§ Data block:
──────────────────────────────
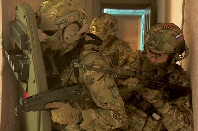 На место происшествия прибывают сотрудники ФСБ - специалисты взрывотехники для обезвреживания взрывных устройств. Проводятся боевые мероприятия по задержанию условных террористов путем организации штурма с задействованием бронетехники.
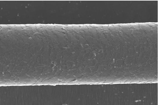 <新製品を使用し140℃でスタイリングした後の髪の毛(拡大率2000倍)>(※1)
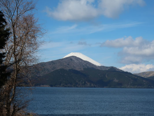 In nur 15 Minuten gelangen wir mit der Regionalbahn nach Atami. Dort deponieren wir unser kleines Gepäck in Schließfächern. Anschließend geht es mit dem Bus über Serpentinen hinauf nach Hakone. Wir machen einen Spaziergang durch den Fuji-Hakone-Izu-Nationalpark entlang der ehemalige Handelsroute Tokaido und erhaschen mit etwas Glück einen wunderbaren Anblick vom See mit dem Fuji-san. Am Abend checken wir dann in unser Hotel in Atami ein.
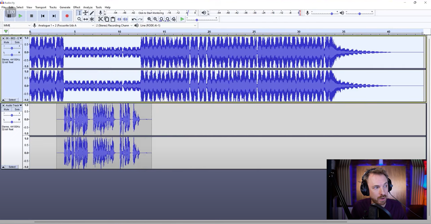 - Have a bit of backgroud music (jingles/tunes) oversomeone talking: so align or layer tracks.
──────────────────────────────
Everything from the line with "<新製品を使用し140℃でス" through the final line of the material is to be returned exactly, both ends included, apart from the pictures.

§ Task result:
 <新製品を使用し140℃でスタイリングした後の髪の毛(拡大率2000倍)>(※1)
 In nur 15 Minuten gelangen wir mit der Regionalbahn nach Atami. Dort deponieren wir unser kleines Gepäck in Schließfächern. Anschließend geht es mit dem Bus über Serpentinen hinauf nach Hakone. Wir machen einen Spaziergang durch den Fuji-Hakone-Izu-Nationalpark entlang der ehemalige Handelsroute Tokaido und erhaschen mit etwas Glück einen wunderbaren Anblick vom See mit dem Fuji-san. Am Abend checken wir dann in unser Hotel in Atami ein.
 - Have a bit of backgroud music (jingles/tunes) oversomeone talking: so align or layer tracks.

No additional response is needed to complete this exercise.